- Born: July 11, 1994 (age 30) Kamensk-Uralsky
- Genres: Classical
- Occupation: Classical guitarist
- Instrument: Guitar
- Website: valeriagalimova.com

= Valeria Galimova =

Russian classical guitarist

Valeria Dmitrievna Galimova, in Валерия Дмитриевна Галимова (July 7, 1994, Kamensk-Uralsky) is a classical guitarist from Russia.

==Biography==

She began studying classical guitar at the age of eight under Dmitry Milovanov at Music School No. 1 in Kamensk-Uralsky, Russia. She later pursued further training at the Gnessin State Musical College in Moscow, studying with Roman Zorkin and Anastasia Bardina, before graduating from the Russian Academy of Gnessin under Professor Artyom Dervoed. At fourteen, she was invited to participate as both an artist and jury member at an international children’s festival competition in Puebla, Mexico.

Over the years, Galimova has received several awards, including a Prize of the President of Russia and a gold medal at the Delphic Games in 2014. She has won ten first prizes in various Russian and international competitions.

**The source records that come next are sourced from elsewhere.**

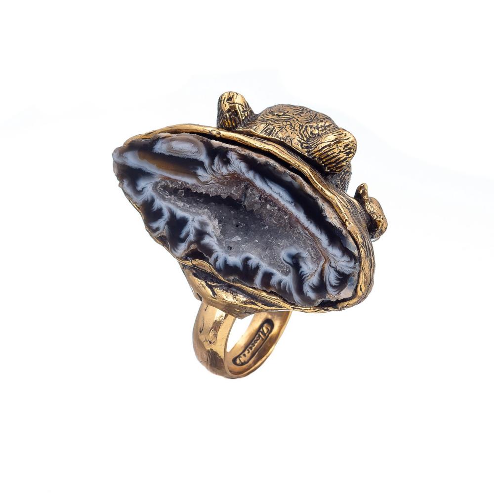 Дизайн кольца поражает своей оригинальностью: в центре изделия расположена уникальная друза агата — природный минерал, который формируется в пустотах горных пород и привлекает взгляды своей текстурой и неповторимым рисунком. Каждый агат уникален, что делает ваше кольцо по-настоящему единственным в своем роде.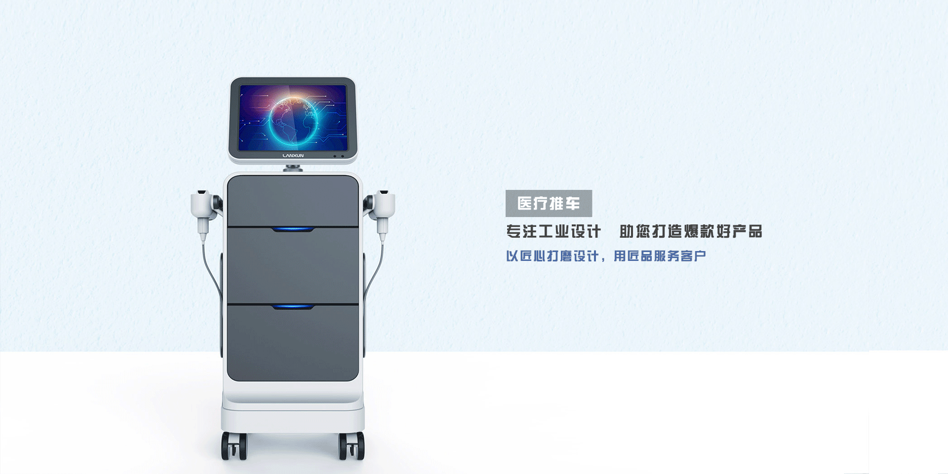 設計賦能醫療領域,解決推車線纜收納問題,整體集合式設計,讓整個推車更緊湊輕巧。——匠品設計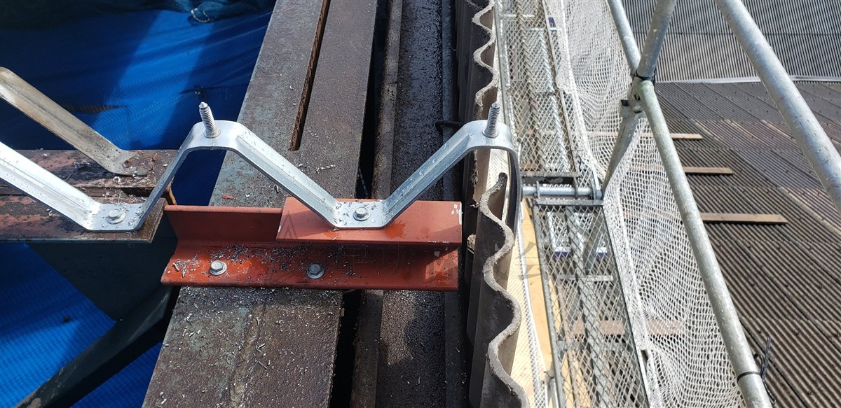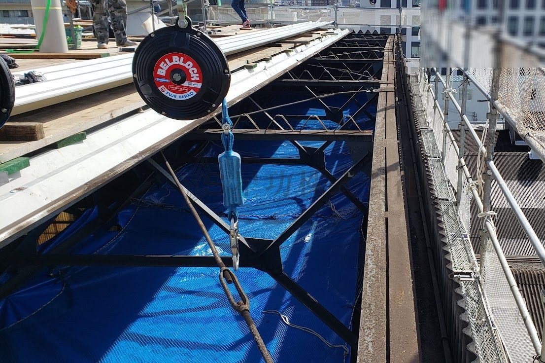 高さ38mの折板屋根の部分取り替え工事は、危険と隣り合わせの作業です。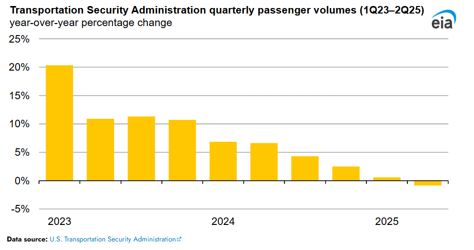 Passenger volumes, as measured by the U.S. Transportation Security Administration (TSA), declined in the second quarter of 2025 compared with the previous year for the first time since the pandemic amid economic uncertainty.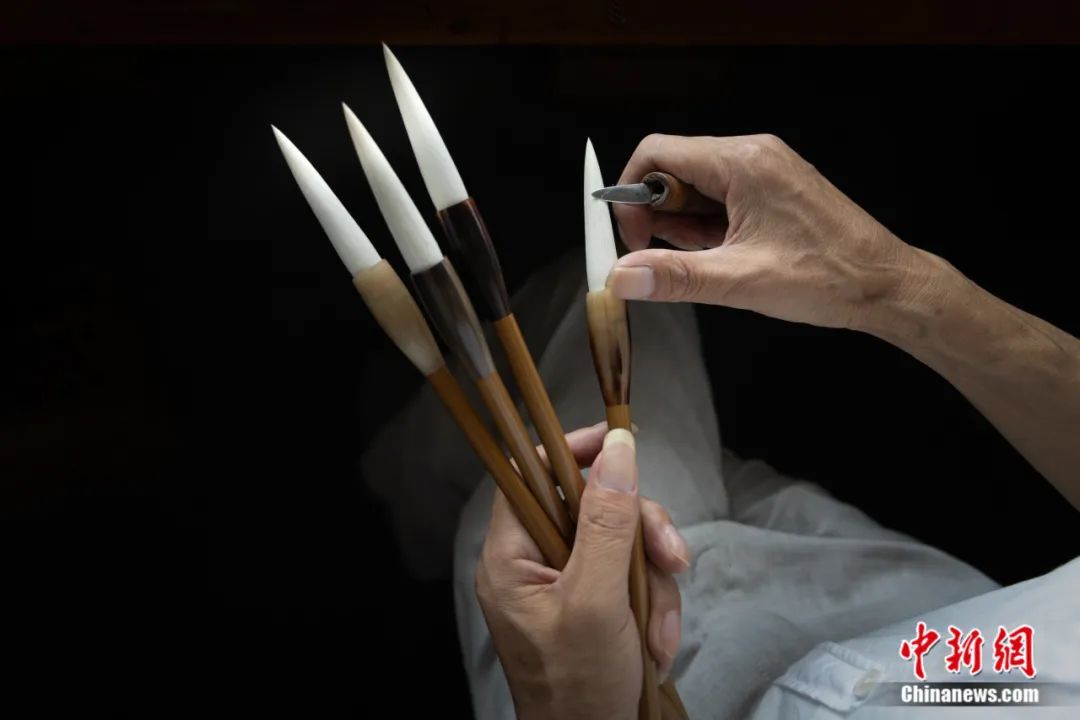 竹海里用之不竭的小竹竿,讓“造筆”這項工藝迅速發(fā)展起來。“湖州之筆,冠絕天下”,王獻之、顏真卿、文同等著名書法家,都對湖筆愛不釋手,說起來湖筆與中國書法史密不可分。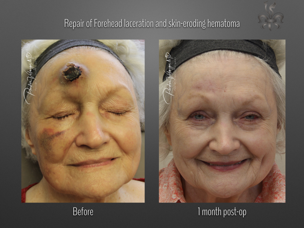This patient is 1 month after repair after forehead laceration and skin-eroding hematoma.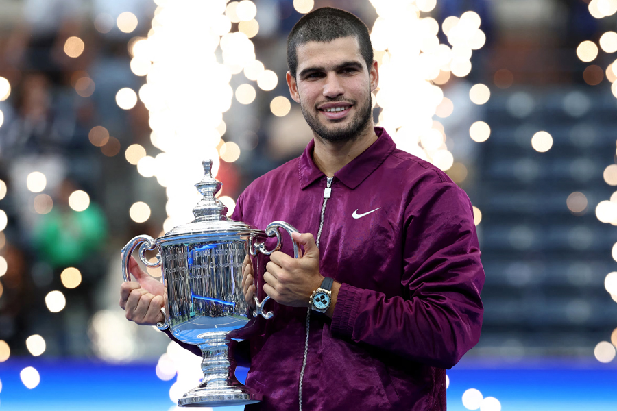 नवी दिल्ली : अमेरिकन ओपन टेनिस स्पर्धेत कार्लोस अल्कारेज विजेता ठरला. त्याने अंतिम सामन्यात जॅनिक सिनरचा ६-२, ३-६, ६-१, ६-४ असा विजय मिळवला. त्याचे हे सहावे ग्रँड सलॅम विजेतेपद ठरले. यावर्षी अल्कारेज आणि सिनर सलग तिसऱ्यांदा अंतिम फेरीत लढले. अंतिम सामना पाहण्यासाठी अमेरिकेचे राष्ट्राध्यक्ष डोनाल्ड ट्रम्प उपस्थित होते. (Alcaraz)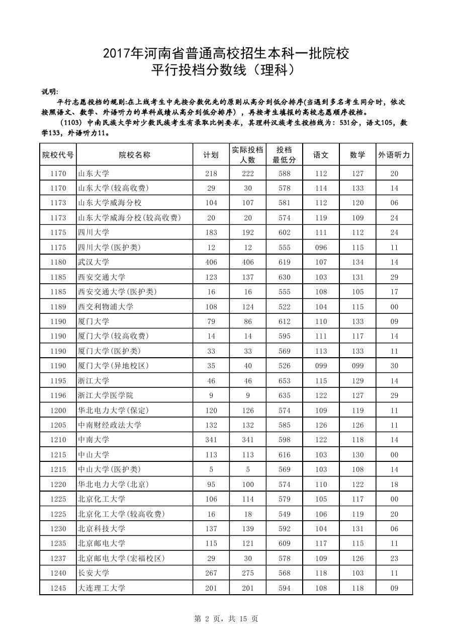 河南高考本科一批院校平行投檔分?jǐn)?shù)線(理科)(2)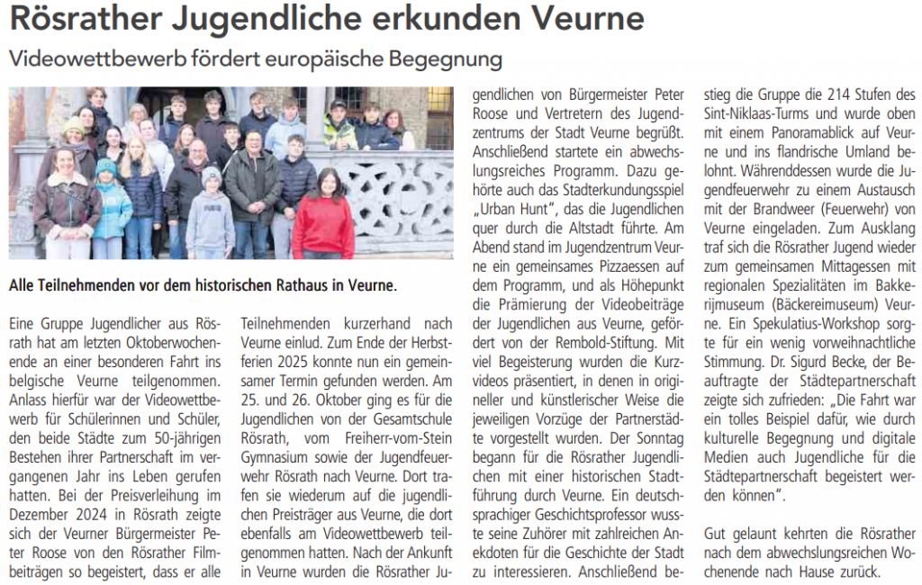 Zum 50-jährigen Bestehen der Städtepartnerschaft zwischen Rösrath und Veurne in Belgien haben sich die Partner im vergangenen Jahr etwas ganz Besonderes ausgedacht: Sie lobten eine Video-Challenge für Jugendliche aus mit dem Motto „Ein Tag in Rösrath – wie stelle ich Besuchern aus Veurne meine Stadt vor“. Auch in Veurne wurde ein Tandem-Kurzfilmwettbewerb gestartet unter dem Motto „Ein Tag in Veurne“, unterstützt von der Rembold Stiftung mit Preisgeldern in Höhe von 600 Euro.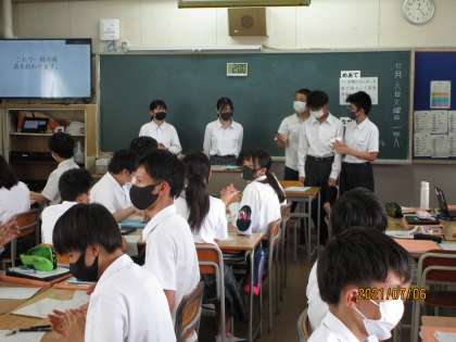 2年生の英語です。1学期に習った内容をグループに割り当て、CANやMEIの使い方、IT is hard for me to study English.などの構文について説明していました。かつ、練習問題を作って考えさせていました。これもすばらしい。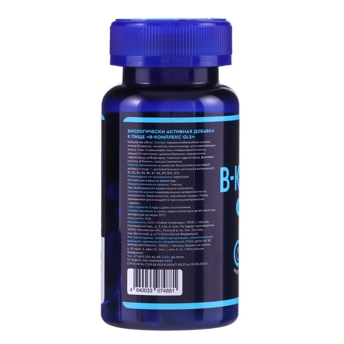 B-комплекс GLS для мозга и нервной системы, 60 капсул по 400 мг

Her professional activities include both solo performances and collaborations. In 2017, she worked with "World of Music," a Russian music distributor, to create an instructional video series on classical guitar. In 2018, she premiered the suite "The Dance" for guitar and string quartet at the 2nd Moscow Festival of Guitar Chamber Music "The Golden Fretboards". The same year, she took part in a production of Astor Piazzolla's tango-opera "María de Buenos Aires" with the "Leggiero" orchestra at the Rachmaninov Hall of the Moscow State Tchaikovsky Conservatory. In 2020, she performed a solo concert at the "Guitar Virtuosi" festival in the Chamber Hall of the Moscow Philharmonic.

She has worked with musicians from different backgrounds, including harpsichordist Anastasia Antonova, bayanist Kirill Rusinov, cellist Valeria Rupasova, violinist Asiia Garipova, coloratura soprano Ekaterina Sokolnikova, and conductor Jeremy Walker from England.

Galimova has also taken part in international festivals and cultural programs, performing concerts and conducting masterclasses. In 2024, she held a classical guitar concert and public talk in Dilijan, Armenia, organized by the Primavera Foundation. She has been selected as a scholar at the International Guitar Festival Rust, which features emerging classical guitarists.

Her work includes performances, educational activities, and participation in competitions and festivals in Europe, Russia, and other regions.